BenjaminMickler commented 1 year ago

I have the same problem as SanJoseCosta. It works in Google Colab (Tensorflow version 2.9.2) but not on my own computer running tensorflow 2.11.0.

2022-12-08 05:53:18.266030: W tensorflow/core/kernels/data/cache_dataset_ops.cc:856] The calling iterator did not fully read the dataset being cached. In order to avoid unexpected truncation of the dataset, the partially cached contents of the dataset will be discarded. This can happen if you have an input pipeline similar to dataset.cache().take(k).repeat(). You should use dataset.take(k).cache().repeat() instead.

@fchollet Would you please help?

BenjaminMickler commented 1 year ago

I just installed tensorflow version 2.9.2 and it works. I still get this warning, so it must not be the problem: 2022-12-08 06:51:10.808714: W tensorflow/core/kernels/data/cache_dataset_ops.cc:856] The calling iterator did not fully read the dataset being cached. In order to avoid unexpected truncation of the dataset, the partially cached contents of the dataset will be discarded. This can happen if you have an input pipeline similar to dataset.cache().take(k).repeat(). You should use dataset.take(k).cache().repeat() instead.

With 2.11.0 I get this error just before the above warning:

File "/home/ben/miniconda3/envs/tf/lib/python3.10/site-packages/keras/engine/base_layer.py", line 1132, in __call__
  outputs = call_fn(inputs, *args, **kwargs)
File "/home/ben/miniconda3/envs/tf/lib/python3.10/site-packages/keras/utils/traceback_utils.py", line 96, in error_handler
  return fn(*args, **kwargs)
File "/home/ben/miniconda3/envs/tf/lib/python3.10/site-packages/keras/layers/activation/softmax.py", line 95, in call
  inputs += adder

Node: 'transformer/transformer_encoder/multi_head_attention/softmax/add' 2 root error(s) found. (0) INVALID_ARGUMENT: required broadcastable shapes [[{{node transformer/transformer_encoder/multi_head_attention/softmax/add}}]] [[broadcast_weights_1/assert_broadcastable/is_valid_shape/else/_1/broadcast_weights_1/assert_broadcastable/is_valid_shape/has_valid_nonscalar_shape/then/_53/broadcast_weights_1/assert_broadcastable/is_valid_shape/has_valid_nonscalar_shape/has_invalid_dims/concat/_94]] (1) INVALID_ARGUMENT: required broadcastable shapes [[{{node transformer/transformer_encoder/multi_head_attention/softmax/add}}]] 0 successful operations. 0 derived errors ignored. [Op:__inference_train_function_17025]

BenjaminMickler commented 1 year ago

I don't want to be stuck on an old version of Tensorflow for ever more though, so it would be great if someone would help me get it working even though I have a temporary solution.

sachinprasadhs commented 8 months ago

Hi,

The example has been updated to Keras 3 and it is working fine without any issue.

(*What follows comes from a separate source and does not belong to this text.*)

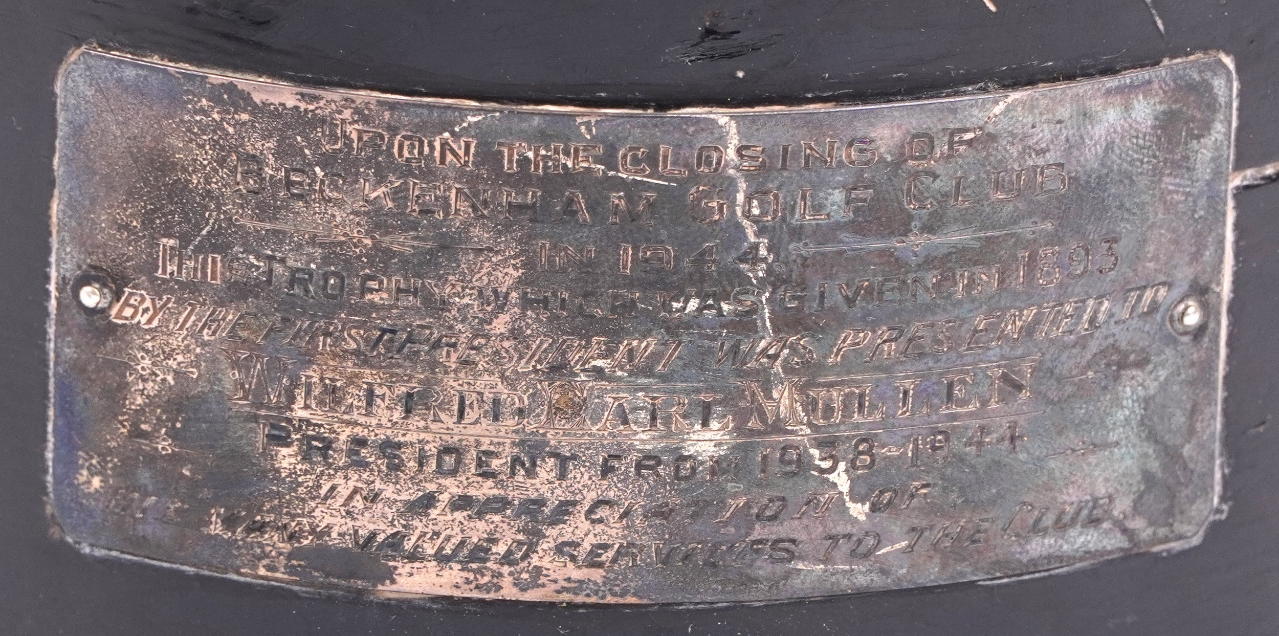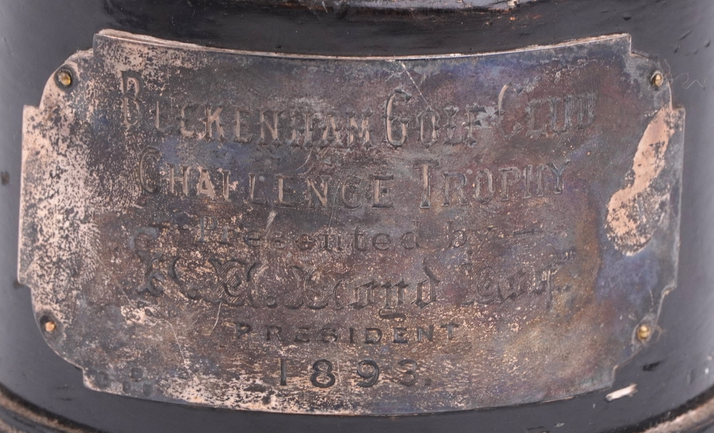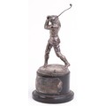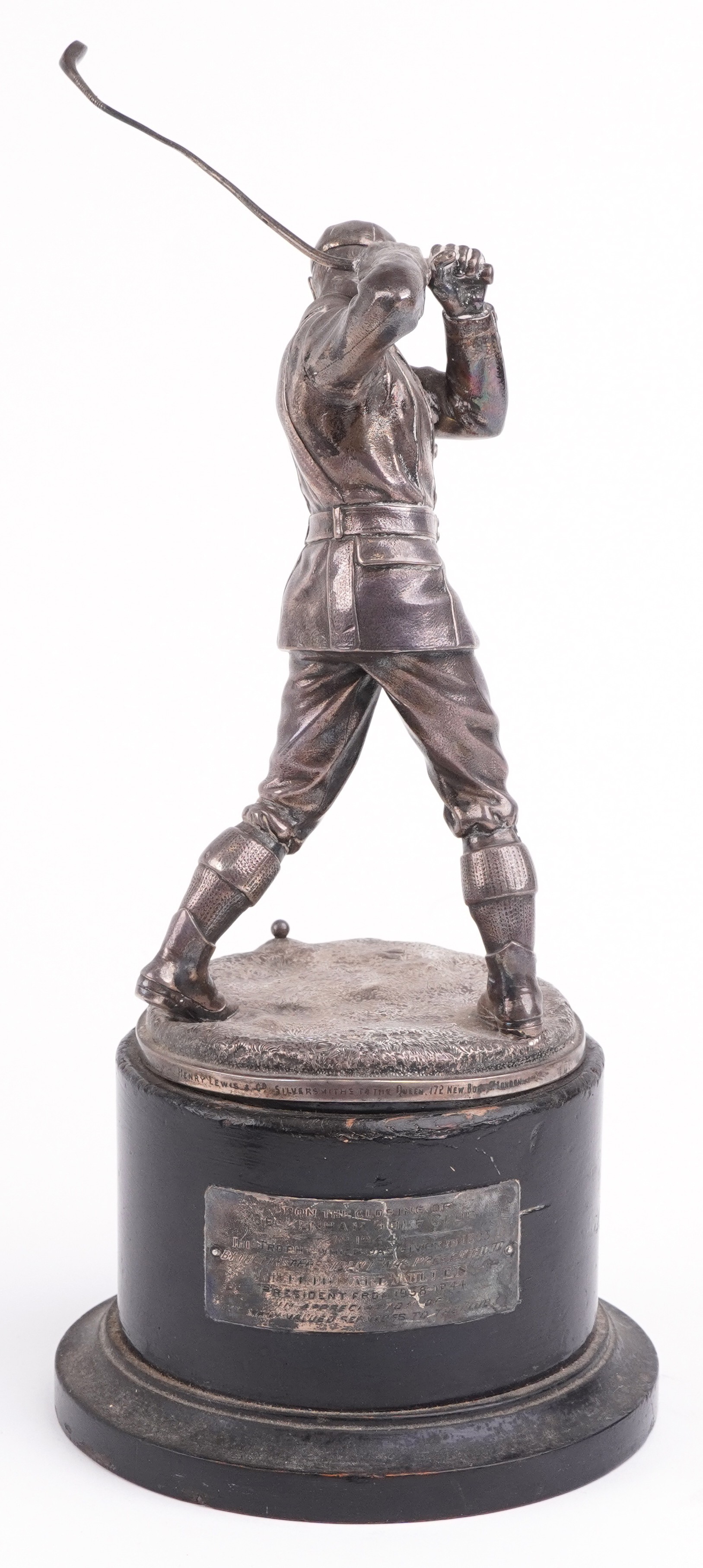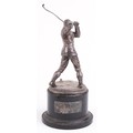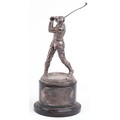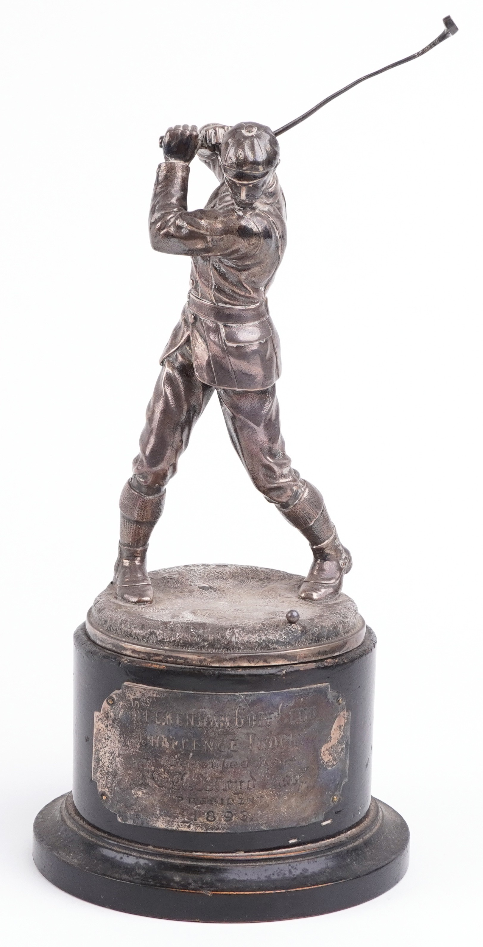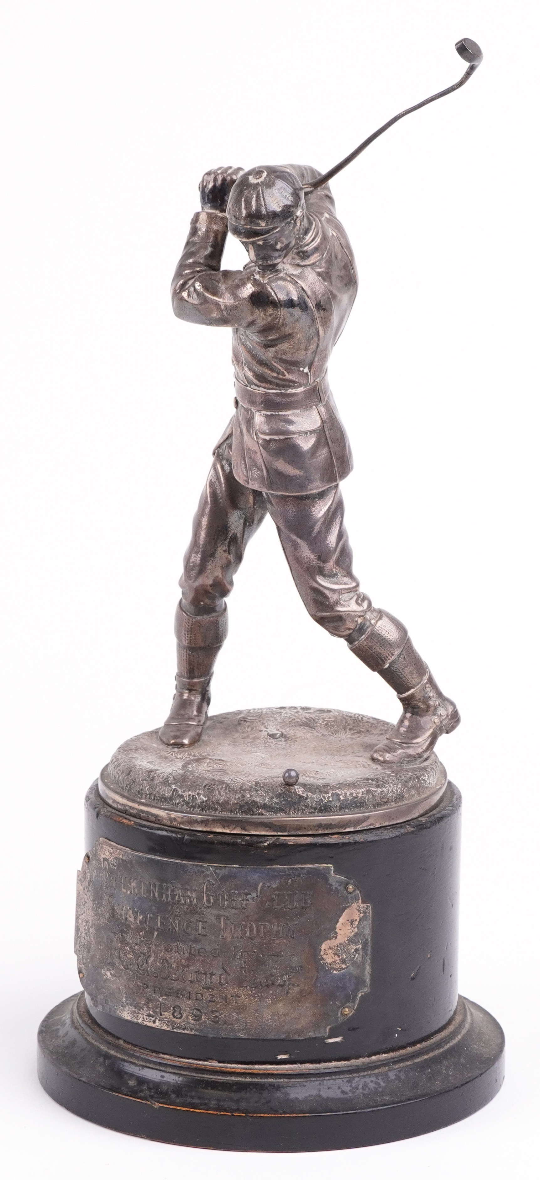 A good Victorian silver figural trophy in the form of a male golfer in mid swing, raised on an ebonised base with presentation plaque From Beckenham Golf Club and indistinct inscriptions including Upon the Closing of Beckenham Golf Club 1914, the figure dated 1893, overall 35cm high, weighable silver 640.0g.

Here is the link to the updated tutorial: https://keras.io/examples/nlp/neural_machine_translation_with_transformer/

github-actions[bot] commented 8 months ago

This issue is stale because it has been open for 14 days with no activity. It will be closed if no further activity occurs. Thank you.

github-actions[bot] commented 7 months ago

This issue was closed because it has been inactive for 28 days. Please reopen if you'd like to work on this further.